[Start of Attachment]
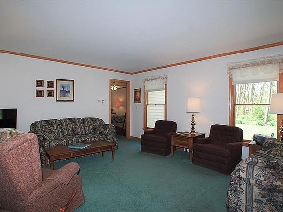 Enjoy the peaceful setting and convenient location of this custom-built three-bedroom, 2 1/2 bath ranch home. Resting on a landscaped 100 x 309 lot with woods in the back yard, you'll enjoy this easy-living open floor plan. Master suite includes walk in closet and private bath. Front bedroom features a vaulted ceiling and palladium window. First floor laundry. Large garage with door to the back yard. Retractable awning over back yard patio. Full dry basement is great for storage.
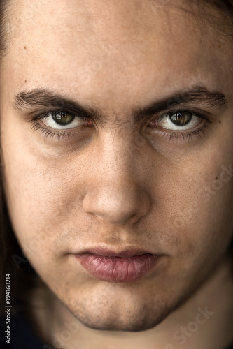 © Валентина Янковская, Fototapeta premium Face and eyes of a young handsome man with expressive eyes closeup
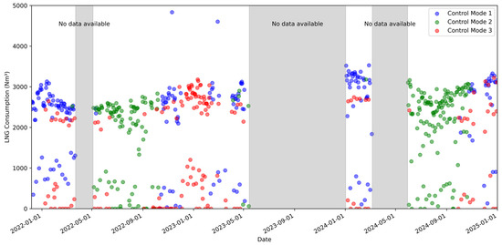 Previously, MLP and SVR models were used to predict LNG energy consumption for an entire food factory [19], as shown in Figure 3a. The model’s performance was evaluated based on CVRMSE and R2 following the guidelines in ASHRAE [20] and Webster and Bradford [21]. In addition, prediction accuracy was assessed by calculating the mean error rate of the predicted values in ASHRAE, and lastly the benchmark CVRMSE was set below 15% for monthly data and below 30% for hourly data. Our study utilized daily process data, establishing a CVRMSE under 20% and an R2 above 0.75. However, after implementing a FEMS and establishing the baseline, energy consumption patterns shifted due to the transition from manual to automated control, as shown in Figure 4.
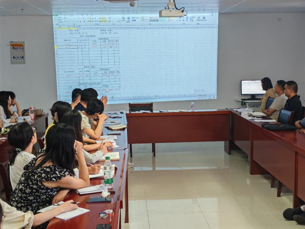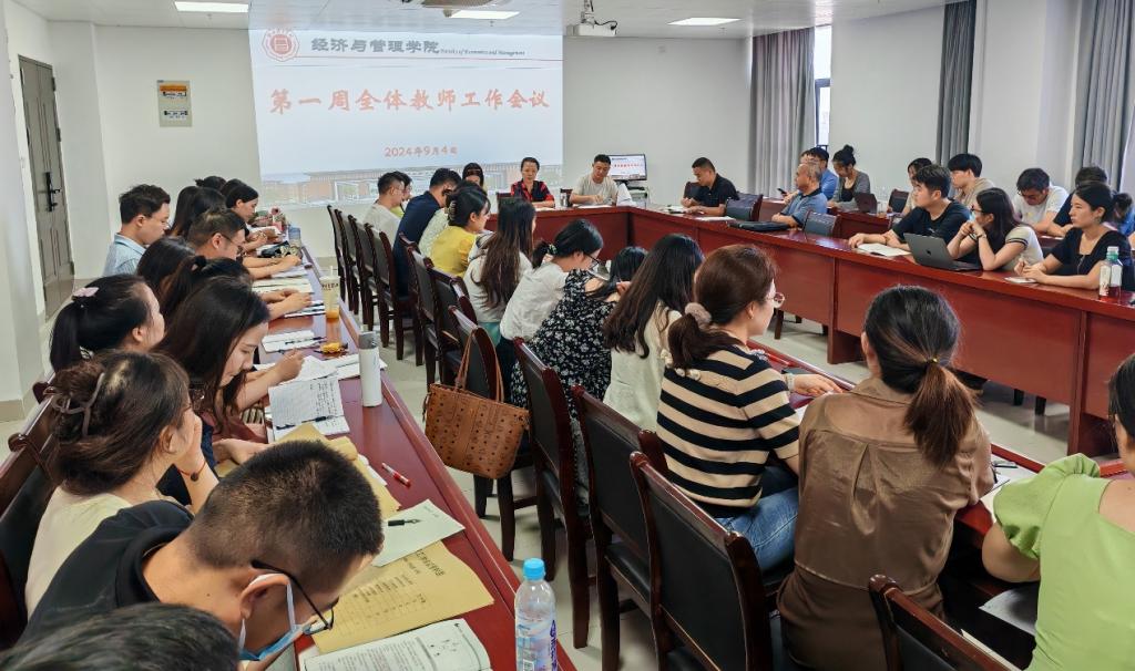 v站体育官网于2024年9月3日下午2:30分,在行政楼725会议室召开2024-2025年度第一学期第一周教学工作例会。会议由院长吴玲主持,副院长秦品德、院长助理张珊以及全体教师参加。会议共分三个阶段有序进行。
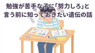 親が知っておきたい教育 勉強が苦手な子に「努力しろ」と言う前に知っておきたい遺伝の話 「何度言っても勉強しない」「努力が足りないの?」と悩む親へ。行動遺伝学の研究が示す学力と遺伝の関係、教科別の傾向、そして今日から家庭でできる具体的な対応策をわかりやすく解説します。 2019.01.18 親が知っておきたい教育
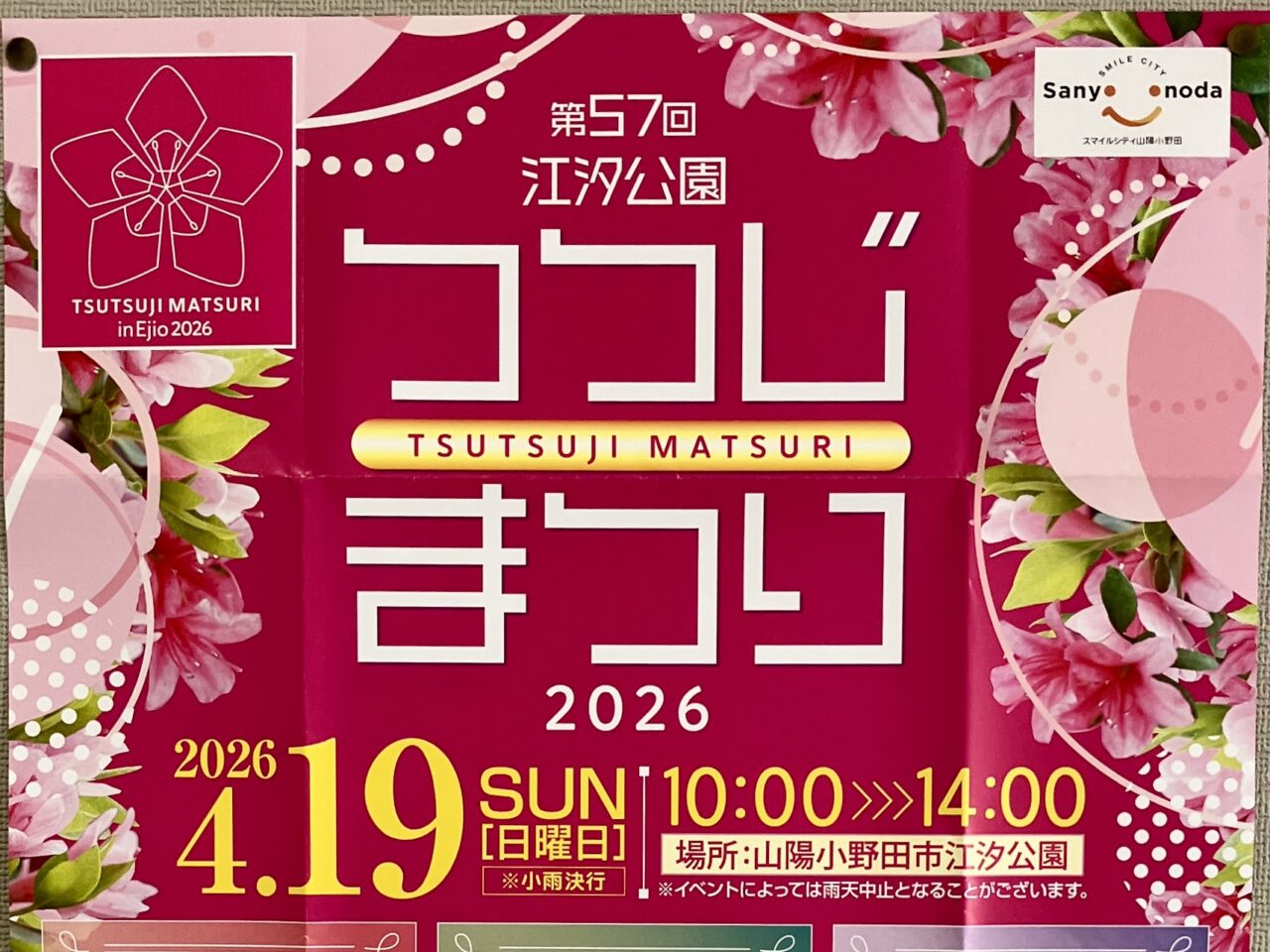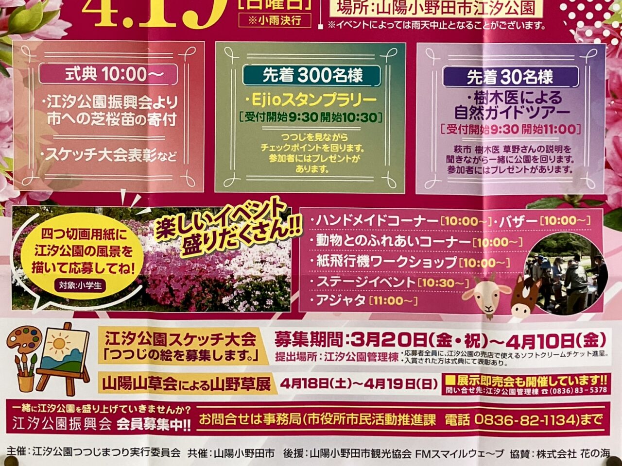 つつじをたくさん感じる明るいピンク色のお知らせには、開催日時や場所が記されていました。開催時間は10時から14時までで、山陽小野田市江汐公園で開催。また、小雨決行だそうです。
[End of Attachment]
● About this task:
Please set down the lines above word for word and leave out the pictures.

● Problem solution:
 Enjoy the peaceful setting and convenient location of this custom-built three-bedroom, 2 1/2 bath ranch home. Resting on a landscaped 100 x 309 lot with woods in the back yard, you'll enjoy this easy-living open floor plan. Master suite includes walk in closet and private bath. Front bedroom features a vaulted ceiling and palladium window. First floor laundry. Large garage with door to the back yard. Retractable awning over back yard patio. Full dry basement is great for storage.
 © Валентина Янковская, Fototapeta premium Face and eyes of a young handsome man with expressive eyes closeup
 Previously, MLP and SVR models were used to predict LNG energy consumption for an entire food factory [19], as shown in Figure 3a. The model’s performance was evaluated based on CVRMSE and R2 following the guidelines in ASHRAE [20] and Webster and Bradford [21]. In addition, prediction accuracy was assessed by calculating the mean error rate of the predicted values in ASHRAE, and lastly the benchmark CVRMSE was set below 15% for monthly data and below 30% for hourly data. Our study utilized daily process data, establishing a CVRMSE under 20% and an R2 above 0.75. However, after implementing a FEMS and establishing the baseline, energy consumption patterns shifted due to the transition from manual to automated control, as shown in Figure 4.
 v站体育官网于2024年9月3日下午2:30分,在行政楼725会议室召开2024-2025年度第一学期第一周教学工作例会。会议由院长吴玲主持,副院长秦品德、院长助理张珊以及全体教师参加。会议共分三个阶段有序进行。
 親が知っておきたい教育 勉強が苦手な子に「努力しろ」と言う前に知っておきたい遺伝の話 「何度言っても勉強しない」「努力が足りないの?」と悩む親へ。行動遺伝学の研究が示す学力と遺伝の関係、教科別の傾向、そして今日から家庭でできる具体的な対応策をわかりやすく解説します。 2019.01.18 親が知っておきたい教育
 つつじをたくさん感じる明るいピンク色のお知らせには、開催日時や場所が記されていました。開催時間は10時から14時までで、山陽小野田市江汐公園で開催。また、小雨決行だそうです。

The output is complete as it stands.